Sun Belt leaders, while acknowledging the problem, scoff at the idea of companies choosing the Midwest instead. They say they're already working on solutions. Texas voters in 2011 authorized a $6 billion bond issue for water infrastructure, including building more than two dozen reservoirs in coming decades.

Besides just warm weather, "We provide economic opportunity," said Tom Hayden, mayor of the Flower Mound, Texas, a Dallas suburb of 70,000 where the population has tripled in the past two decades. "We help businesses grow instead of seeing how much we can squeeze them with taxes."

Water availability is just one factor that influences where businesses locate, said Jason Morrison of the Pacific Institute, author of a report on likely economic fallout from a drier climate. Still, he acknowledged, the outlook is disconcerting.

"It's pretty certain that water-related risk for business will increase over the long haul in more places," he said.

Al Henes, who runs a brewery and pub in Flagstaff, Ariz., has waterless urinals and reuses water in his beer-making operation, but worries about the future as housing developments and golf courses keep springing up. Even so, he said, he's not ready to forsake his beloved canyon country's stunning scenery and outdoorsy lifestyle.

"You guys get a little colder up there," Henes said dryly. Recalling childhood winter visits with his grandmother in Michigan, he added: "Some of my words would just freeze in my mouth and fall on the ground and shatter."

Milwaukee reflects the grandeur of the lake region's past as well as its decline and the quest to rebuild. A downtown statue of "The Fonz" evokes wistful memories of "Happy Days" prosperity, when more than half of the adult workforce had factory jobs with manufacturers like Allis-Chalmers, now defunct. Some warehouses and storefronts still sit empty, and the remnants of beer giants Schlitz, Pabst and Blatz have been turned to other uses.

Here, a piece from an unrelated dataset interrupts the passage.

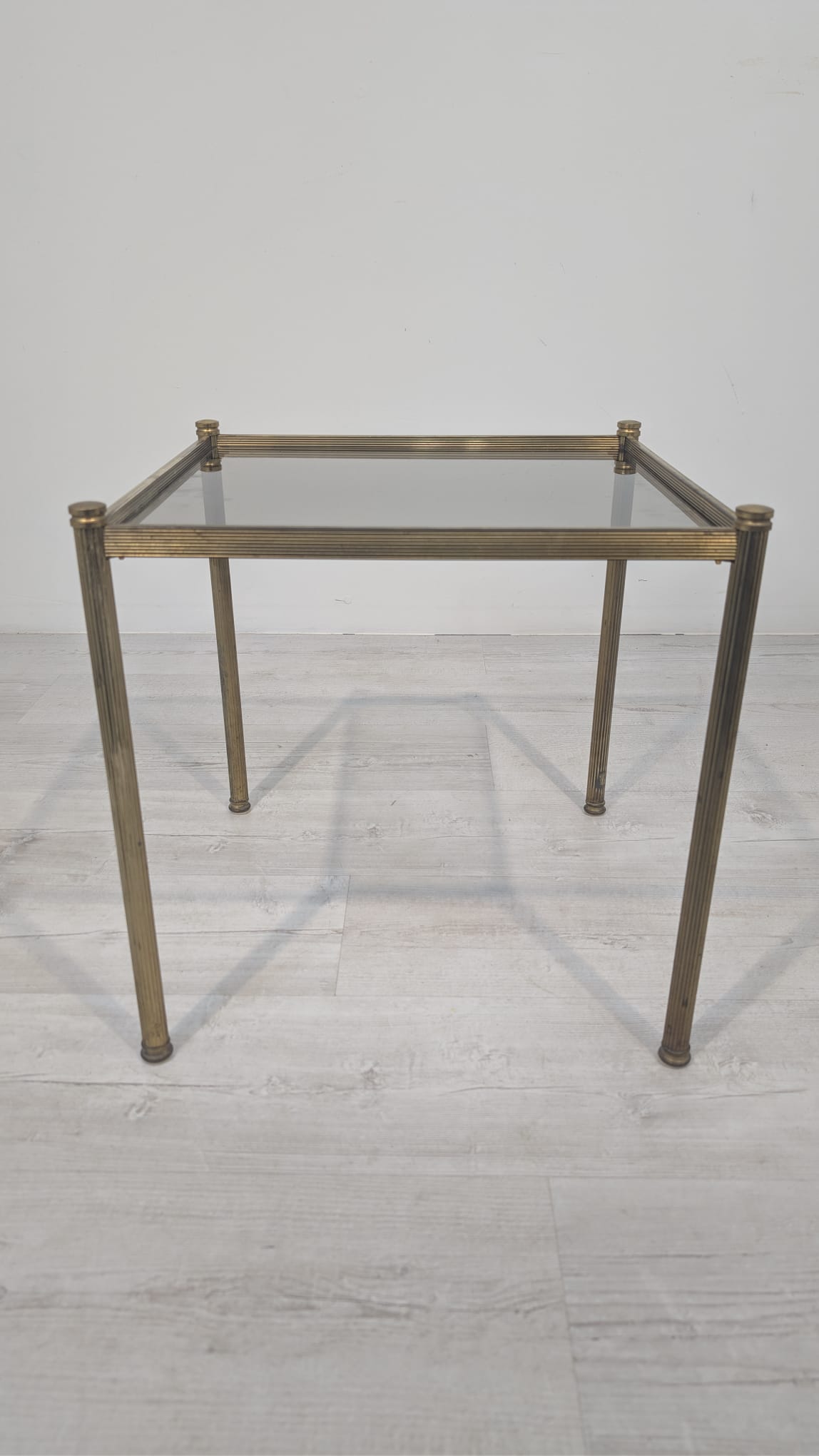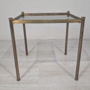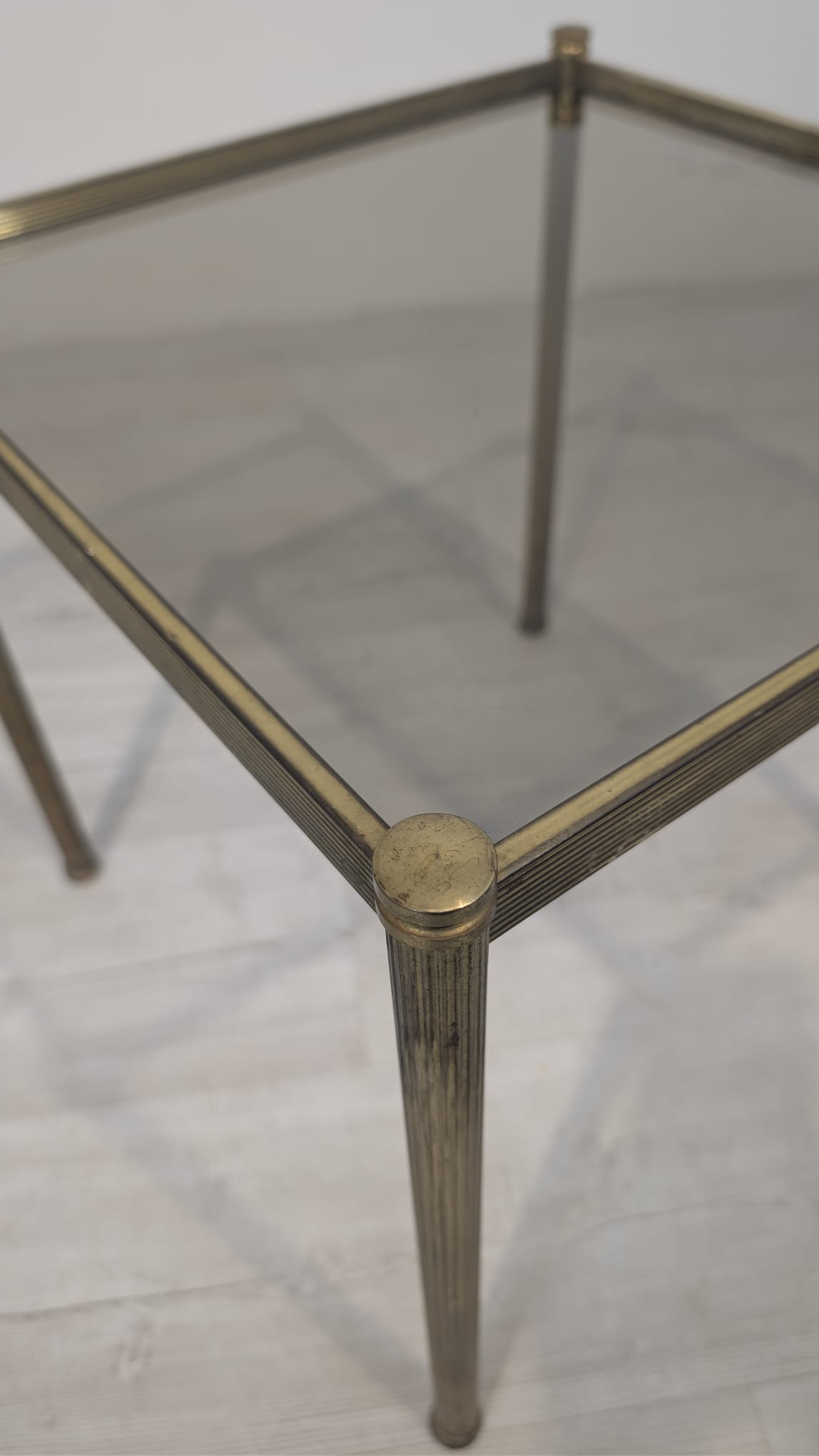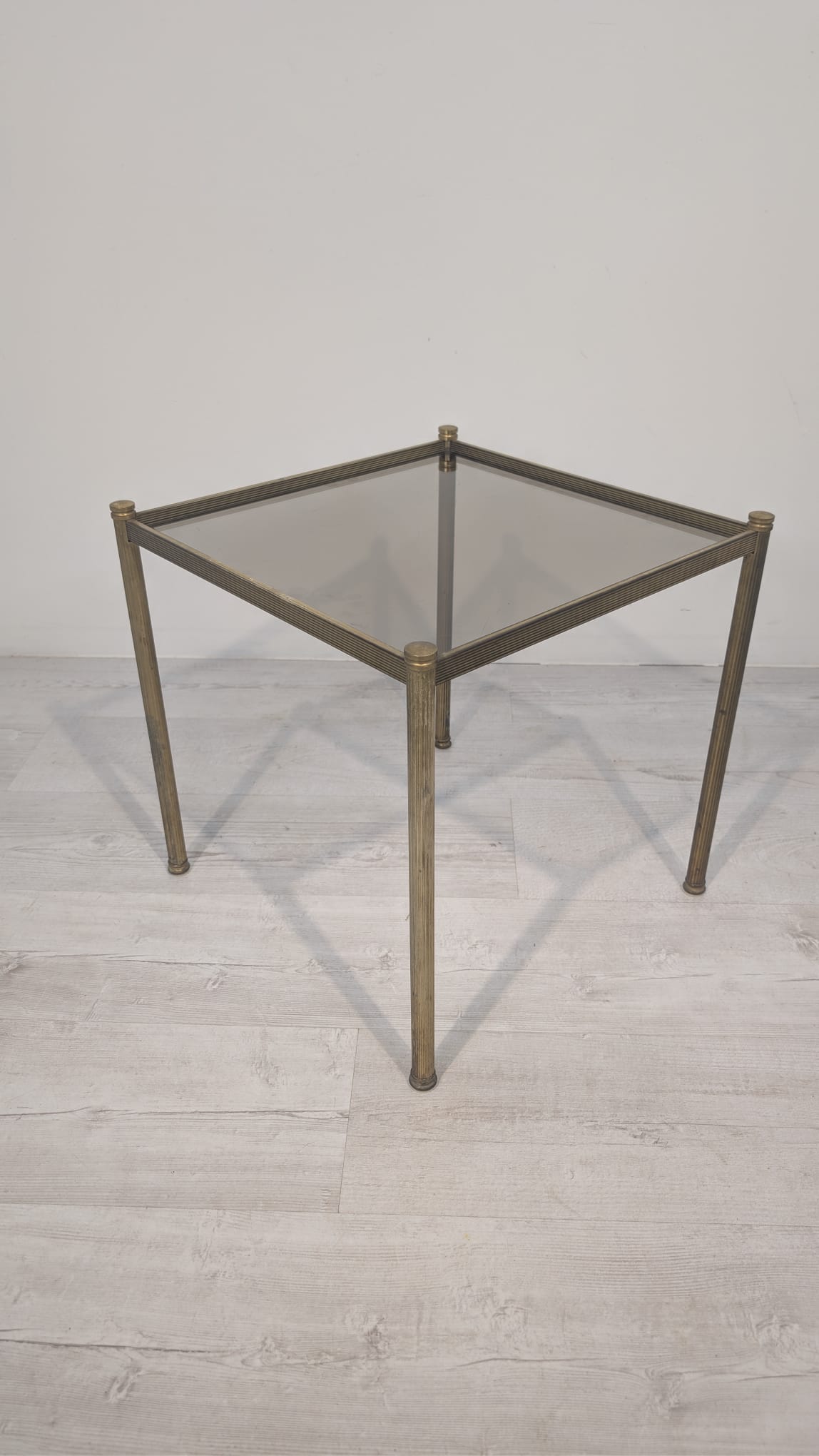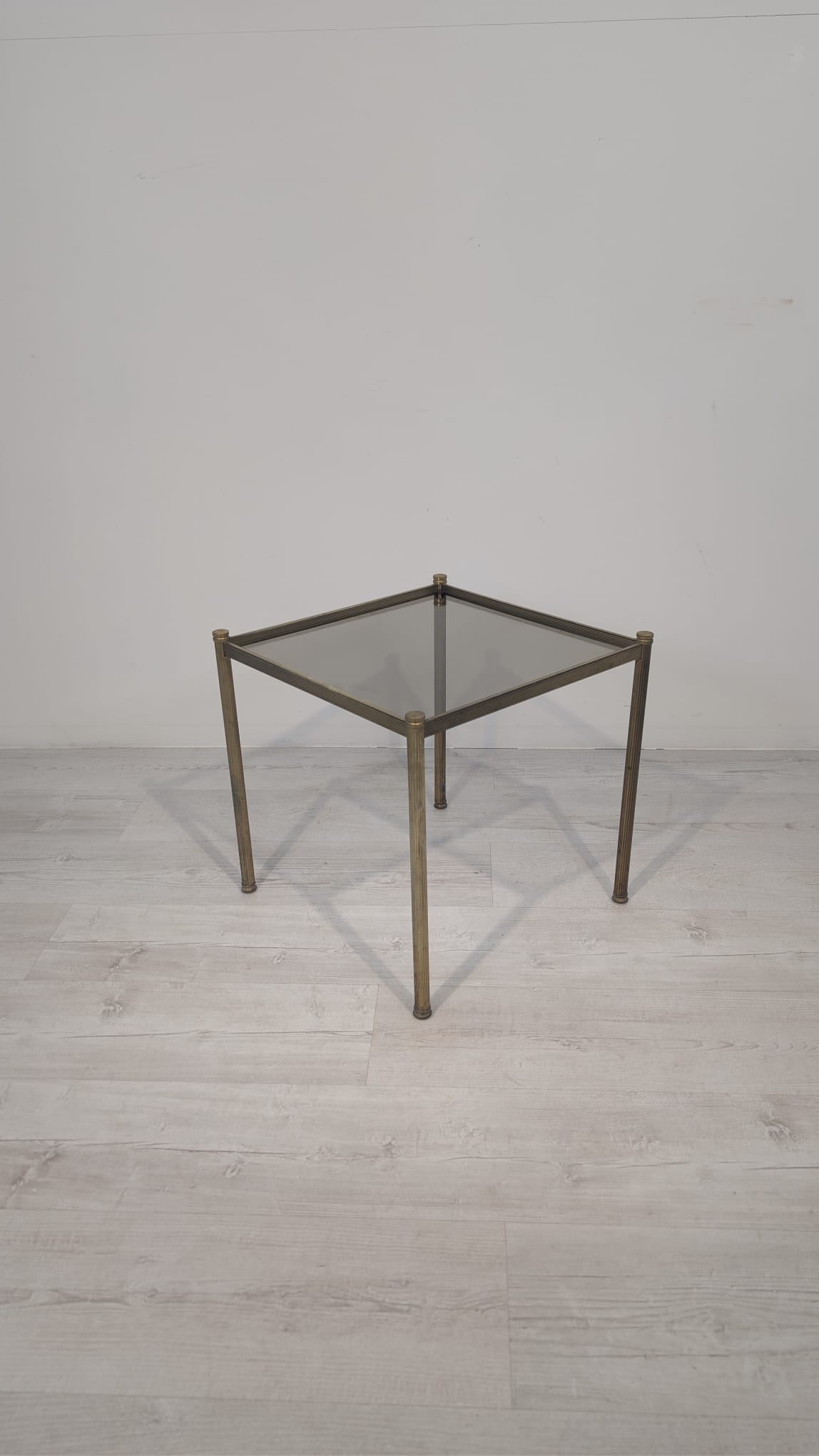 Stylowy stolik kawowy z lat 70. Wykonany z mosiężnej metalowej konstrukcji oraz dymionego szkła. Ponadczasowa forma i elegancki wygląd doskonale wpisuje się w nowoczesne wnętrza.

Though brewing is a shadow of its former self here, local leaders are newly mindful that the industry, which used huge volumes of water, attracted other businesses that still remain vibrant. Worldwide, water technology-- pumps, valves and more-- generates $500 billion a year and is growing rapidly, said John Austin, director of the Brookings Institution's Great Lakes Economic Initiative.

The Milwaukee-based Water Council, a research and networking organization, now has more than 100 members, including the brewer MillerCoors. The technology center is expected to host a half-dozen startups at a time, with frequent turnover as companies grow and move to bigger locations.

John Gurda, a local historian, said it's about time Milwaukee gave up chasing the same high tech medicine and computer software companies sought by every other city.

"The strength of this (water-oriented) strategy is that it's playing to Milwaukee's natural and historical strengths."

But Austin, the Brookings analyst, said economic revival also depends on doing more to make the region's 10,000 miles of Great Lakes shoreline and many rivers and inland lakes a draw for tourists and for service companies that want a beautiful setting.

During the first half of the 20th century, the steel plants, paper mills and auto factories that employed millions along the lakes also left behind blight. The Lake Michigan city of Gary, Ind., is riddled with the hulks of abandoned buildings and the Grand Calumet River bottom is caked with a 20-foot-deep layer of gunk including toxic PCBs.

An Obama administration initiative has pumped more than $1 billion into Great Lakes environmental cleanup, and a regional partnership has raised hundreds of millions to beautify Gary's industrial waterfront.

"People will pay more for an office with a water view," Austin said. "But not if it's a cesspool."